▶ [EXCERPTED RECORDS]:

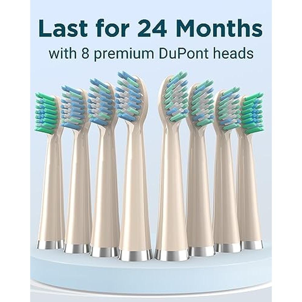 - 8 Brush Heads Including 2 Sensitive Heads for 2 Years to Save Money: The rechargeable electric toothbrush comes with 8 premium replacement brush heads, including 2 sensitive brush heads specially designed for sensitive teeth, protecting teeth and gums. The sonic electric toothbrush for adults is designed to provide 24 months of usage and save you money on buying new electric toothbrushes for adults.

* * *

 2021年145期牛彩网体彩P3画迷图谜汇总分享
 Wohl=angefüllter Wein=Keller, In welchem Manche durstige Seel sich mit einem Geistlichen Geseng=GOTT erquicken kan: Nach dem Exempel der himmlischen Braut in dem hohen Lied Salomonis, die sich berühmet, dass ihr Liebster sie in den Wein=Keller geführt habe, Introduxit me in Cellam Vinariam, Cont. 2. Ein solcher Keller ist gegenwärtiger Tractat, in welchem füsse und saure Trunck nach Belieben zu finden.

---

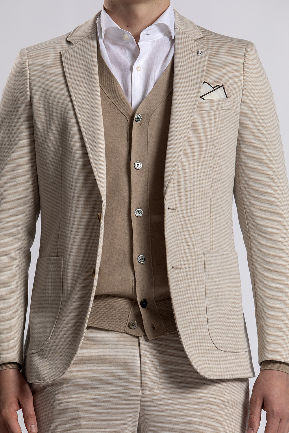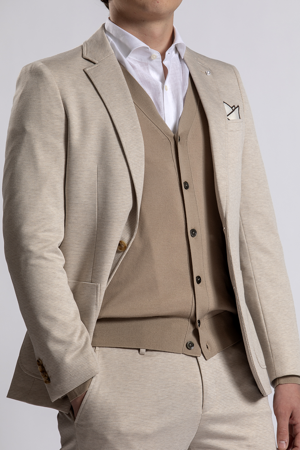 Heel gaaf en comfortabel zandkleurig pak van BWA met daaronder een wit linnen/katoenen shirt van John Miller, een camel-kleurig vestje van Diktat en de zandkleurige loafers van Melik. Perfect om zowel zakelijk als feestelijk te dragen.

▶ [EXERCISE DETAILS]: Repeat exactly the lines of the listing above, from the one with "2021年145期牛彩网体彩P3画迷图谜汇总分享" down to the one with "Wohl=angefüllter Wein=Keller, In"; both of those lines belong in the range.

▶ [SOLUTION TO THIS TASK]:
 2021年145期牛彩网体彩P3画迷图谜汇总分享
 Wohl=angefüllter Wein=Keller, In welchem Manche durstige Seel sich mit einem Geistlichen Geseng=GOTT erquicken kan: Nach dem Exempel der himmlischen Braut in dem hohen Lied Salomonis, die sich berühmet, dass ihr Liebster sie in den Wein=Keller geführt habe, Introduxit me in Cellam Vinariam, Cont. 2. Ein solcher Keller ist gegenwärtiger Tractat, in welchem füsse und saure Trunck nach Belieben zu finden.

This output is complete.